What happen to make the downturn of advertising repetition earlier or later?
Appropriate interval: purchase cycle (number of exposure per purchase cycle). 3 exposures per purchase cycle is the optimal number
Wear-in: how many times it takes for the ad to take effect?
Wear-out: how many times it takes for the ad to bore you?
- If you change the ad execution, the wear-out is pushed back.
Traditional thoughts advertising repetition would always wear out (inverted-U curve between repetition and impact on customer’s attitude) because of wearout and mere exposure
Ability, motivation and opportunity are antecedents of cognitive processing
Momentary interruptions can promote persuasion
- higher for low need for cognitive individuals (motivation to engage in thoughtful processing) than high ones
In other words, interruptions can increase consumers’ processing of a message.

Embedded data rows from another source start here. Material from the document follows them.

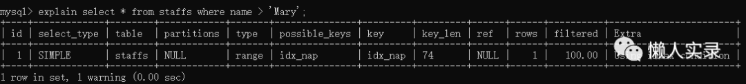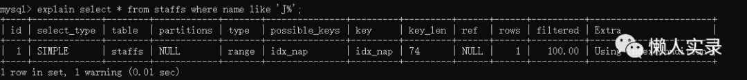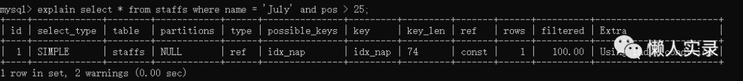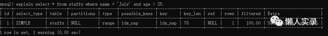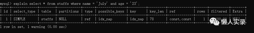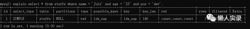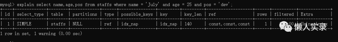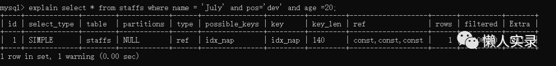 explain select name,age,pos from staffs where name = 'July' and age = 25 and pos = 'dev';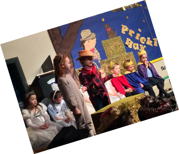‘Prickly Hay’ told the story of the Nativity through the eyes of a young stable girl called Sam. We had lots of different characters in our play. There were angels, kings, shepherds and animals as well as Mary, Joseph and Baby Jesus.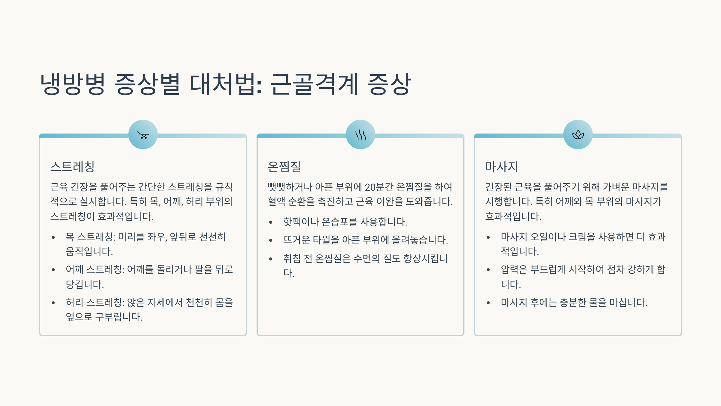 - 관절통: 특히 평소 관절염이 있는 경우 찬바람에 노출되면 통증이 악화될 수 있습니다. 시린 관절은 냉방병의 경고 신호입니다.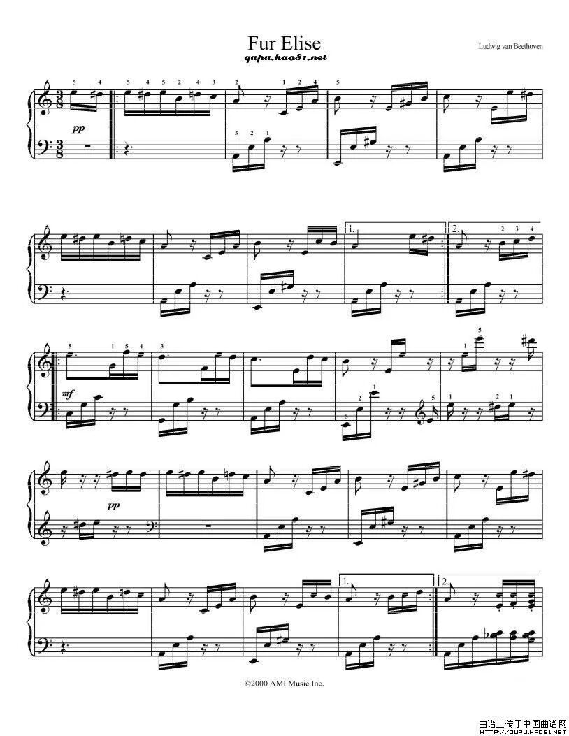 《致爱丽丝》原名《a小调巴加泰勒》,是贝多芬在1810年创作的一首独立钢琴小品,是贝多芬献给“爱丽丝”作为纪念的作品。 该作品在1867年被后人所发现,后收录在《贝多芬作品全集》第25卷的补遗部分59号。

Interruption amplified arousal (need for completion/ goal pursuit and curiosity)
(Gibson 2008): Affective Responses Mediating Acceptance of Advertising
Using Implicit Association Test (???)
Evaluative conditioning only influences explicit attitudes when there is no previous strong preference or priori
Antecedents of attitude towards the ad:
Attitude toward the ad leads changes in brand attitudes (MacKenzie, Lutz, and Belch 1986; Mitchell and Olson 1981)
In low involvement context, execution cues and source likeability (message-oriented and communicator-oriented) have greater impact on persuasion
Affect typologies (p. 237)
(Pham, Geuens, and De Pelsmacker 2013)
ad-evoked feelings positively influence brand attitudes both directly and indirectly (via changes in attitude toward the ad), regardless of involvement with the product category, products types (e.g., durables, nondurables, services, search or experience goods).
This effect is greater among hedonic products than utilitarian ones.
emotional reactions mediate the effect of advertising on attitudes toward ad or brand.
Why divided two articles? the second study claimed that the last paper’s list of positive affective mediators was limited, the second one expands to range of emotions.
Is there a difference between affect and emotions?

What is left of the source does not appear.